Beautiful Work
A Meditation on Pain
Sharon Cameron
Duke University Press: Durham, 2000
121 pp.; $18.95 (cloth)

“Inside of pain is the whole world,” comments Sharon Cameron. To get inside pain—to move around freely in it, and to pay sustained attention to it—is the point of her confidently elliptical book. If pain is “the whole world,” then can it offer us an open pathway, and not the usual dead end?

At times Cameron, a literary scholar and critic who has written previously on Henry James and Emily Dickinson, chooses the right word with quiet pleasure. At other times she foregoes elegance for simpler language and the writing plainly expresses spiritual hesitation and struggle. And sometimes insights, disarmingly honest, interrupt her sentences.

Cameron’s book gives us Anna who, as a novice, undertakes three meditation retreats over a two-year period. She’s led to do so after visiting the desert, whose landscape’s demanding heat and clarity awe her, awakening her own wish to see things more clearly.
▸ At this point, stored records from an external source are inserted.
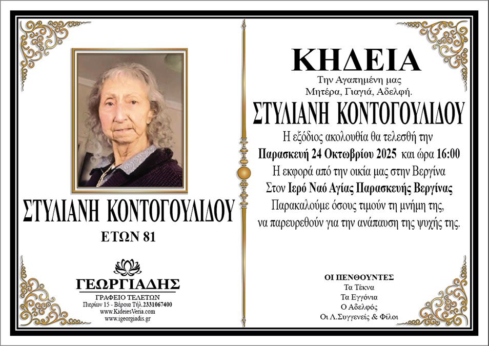 Έφυγε από τη ζωή και κηδεύτηκε σήμερα Παρασκευή 24 Οκτωβρίου 2025 στις 4.00 μ.μ. από τον Ιερό Ναό Αγίας Παρασκευής Βεργίνας η Στυλιανή Κοντογουλίδου σε ηλικία 81 ετών.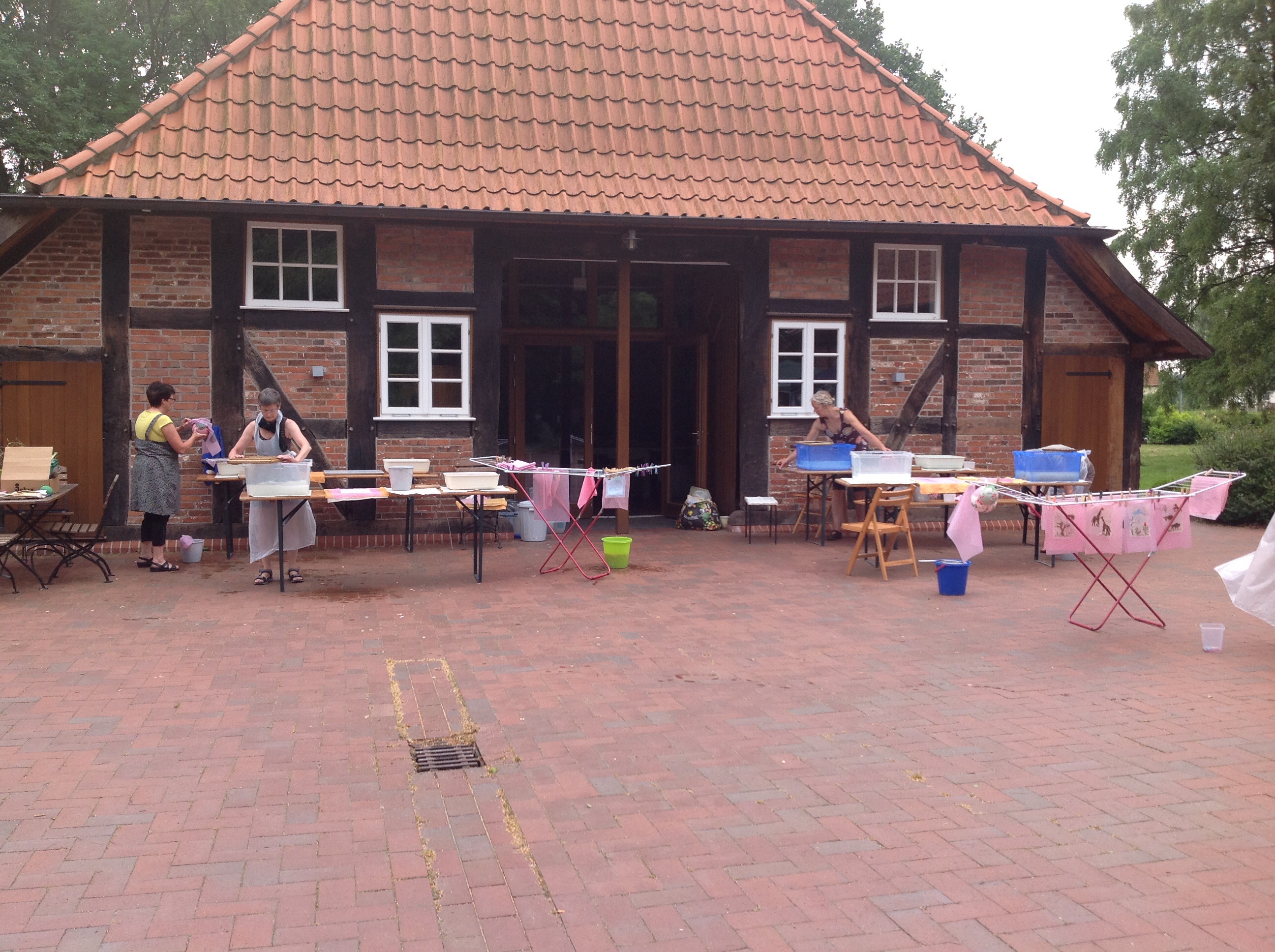 Heute ging mein dreitägiger Kurs „Papier in Form“ zu Ende , der zum 4. Mal auf dem historischen Gelände der Freudenburg in Bassum im Rahmen der Sommerakademie statt fand. Es war wieder eine sehr schöne Zeit mit netten und kreativen Kursteilnehmerinnen und echtem Sommerwetter. Gearbeitet wurde zwei- und dreidimensional mit handgeschöpftem Papier, bzw. Papierpulpe.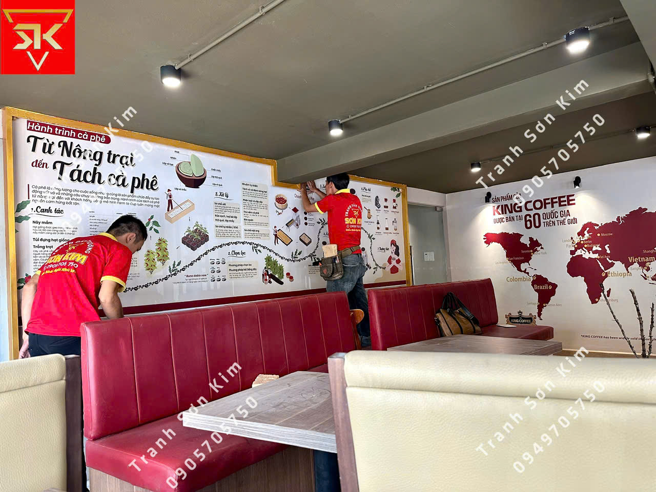 Thi công tranh dán tường 3D cho quán cafe Trung Nguyên.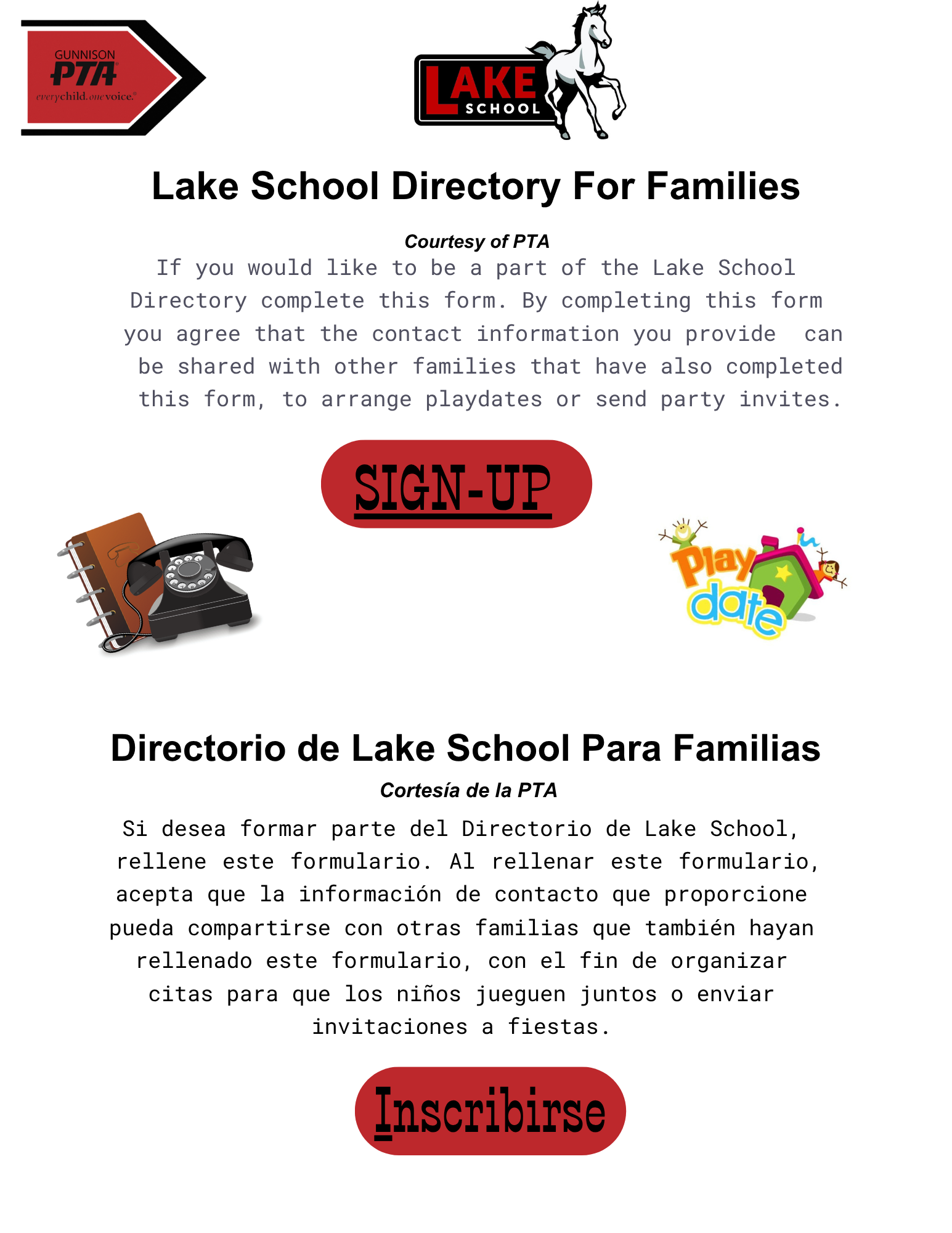 La Asociación de Padres y Maestros (PTA) de Gunnison Elementary School y Lake School es un recurso valioso para las comunidades de ambas escuelas, gracias a la colaboración con el personal escolar, socios comunitarios, estudiantes y familias. Somos un grupo de padres, familiares, maestros y administradores que trabajamos juntos para crear la mejor experiencia posible para nuestros estudiantes.
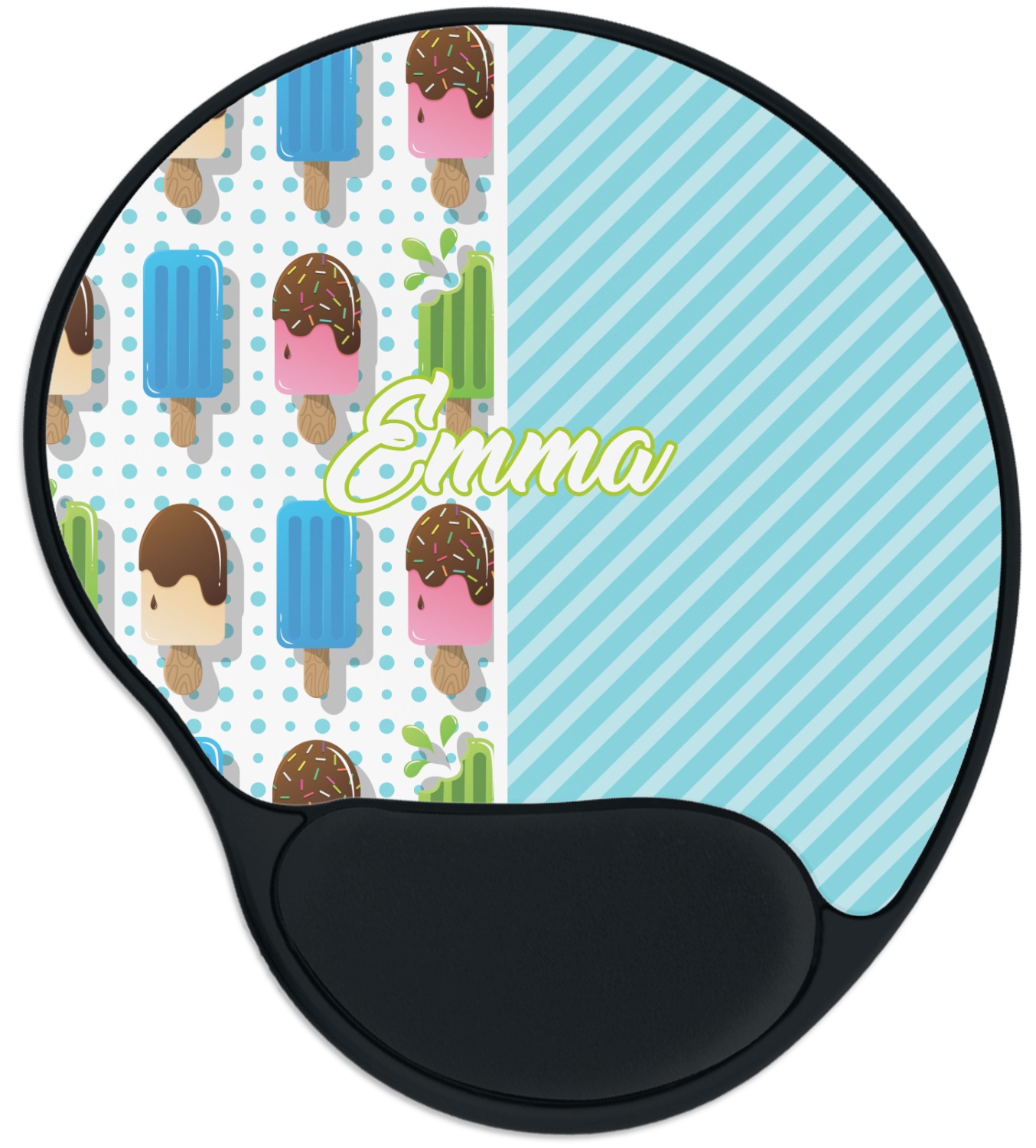 The top of these personalized mouse pads are made from a polyester, while the underside is plastic. The back of these mouse mats include rubber feet to prevent any slippage while in use. A padded wrist support, made from plush memory foam, occupies the bottom section of these computer mouse pads. Your customized design is printed onto the face of this mat, with the remaining sides and support piece colored in black. The mat itself is rounded and measures at 10.25" x 9.13".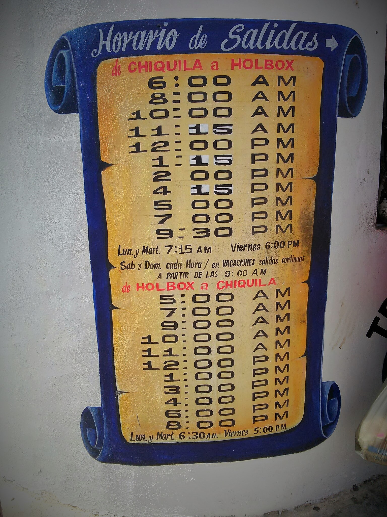 On the map it looks as though it should take 2 hours to get to Chiquila (the port town for Isla Holbox); in fact, it takes nearly double that – depending on the day of the week. Second class buses leave the Cancun bus station at 7:50 am and 12:40 pm daily and cost $80 pesos ($6.40 usd).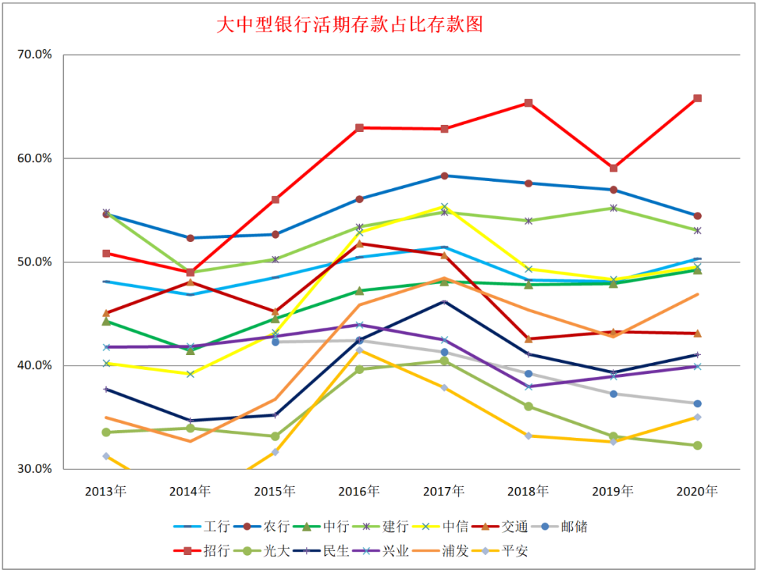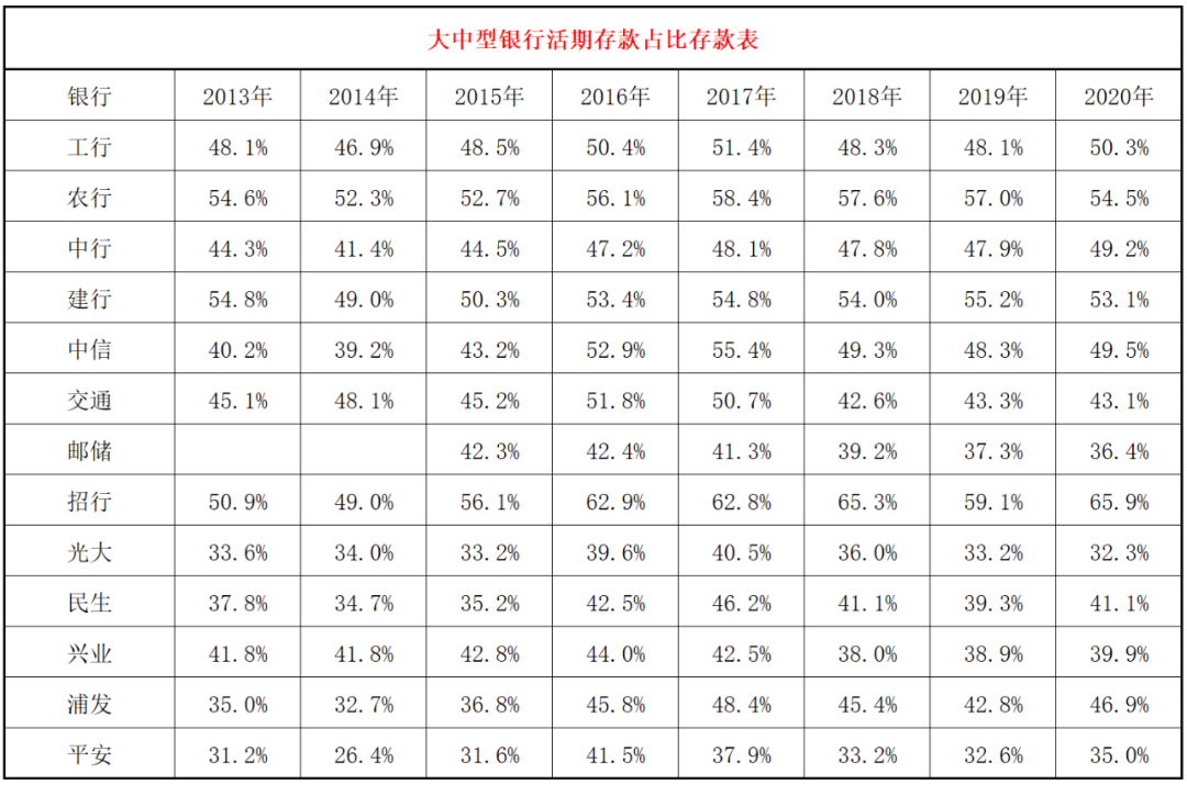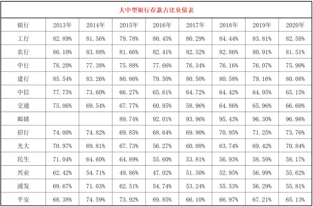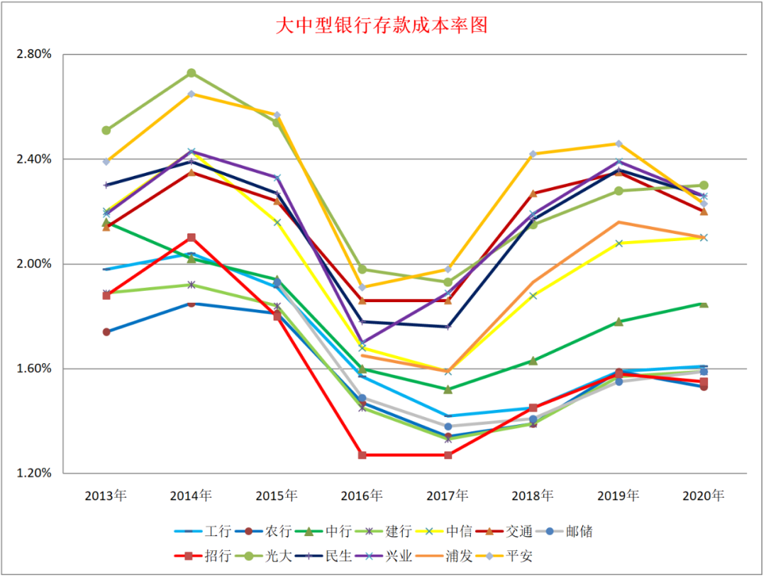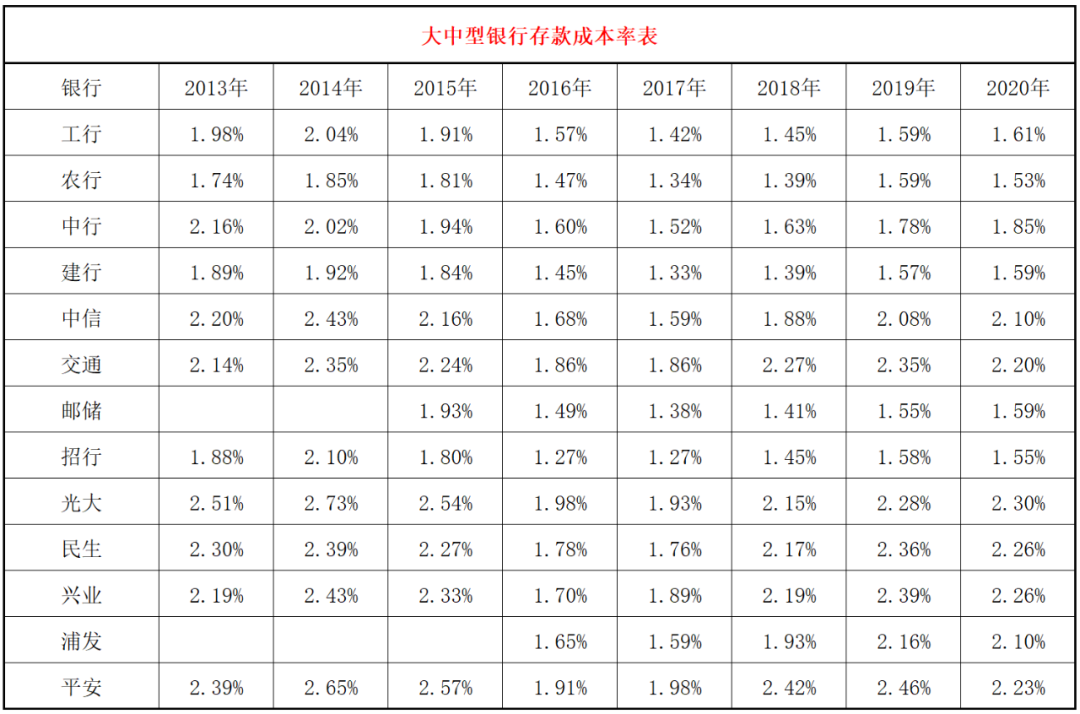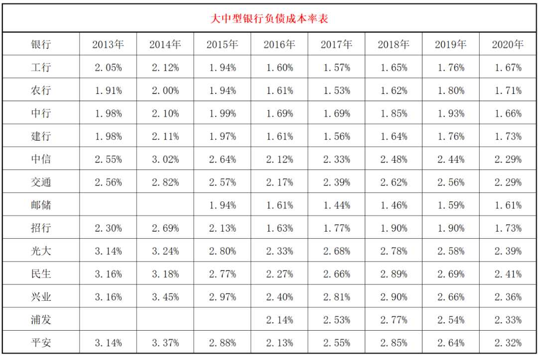 6、負債總成本情況。這是本文最后的落腳地,總的負債成本低才是真正的原料便宜,負債總成本低的銀行,可以在相對保守的資產配置下依然獲得較高的凈息差,依然可以保持較高的凈利息收益率。從2020年的數據看,郵儲銀行1.61%、中國銀行1.66%、工商銀行1.67%、農業銀行1.71%、建設銀行和招商銀行并列為1.73%。負債總成本最高的是民生銀行2.41%、光大銀行2.39%、興業銀行2.36%、浦發銀行2.33%和平安銀行2.32%。過去八年平均數據看,成本最低的是農業銀行1.77%、建設銀行和工商銀行1.80%、中國銀行1.86%、招商銀行2.01%;成本最高的是興業銀行2.84%、民生銀行2.75%、平安銀行和光大銀行2.74%(平均八年郵儲銀行和浦發銀行數據不全未列入)。可以看出,四大行、郵儲銀行和招商銀行負債總成本要比其他股份制銀行低60-70個基點。

Anna tells of her experiences while on retreat in a first-person voice that also muses on her childhood and on her current personal life.

We hear Anna’s thinking directly. We also overhear her conversations with Isaac, her mentor during retreat. We’re privy to her observations, hostile or admiring, of others on retreat with her. Like Isaac, we listen, too, as she reads aloud to him from her journal.

Nevertheless, in all of this the author successfully resists narrating “just a story.” Cameron’s writing, like Anna’s thinking, is knowingly fragmentary and naturally intuitive.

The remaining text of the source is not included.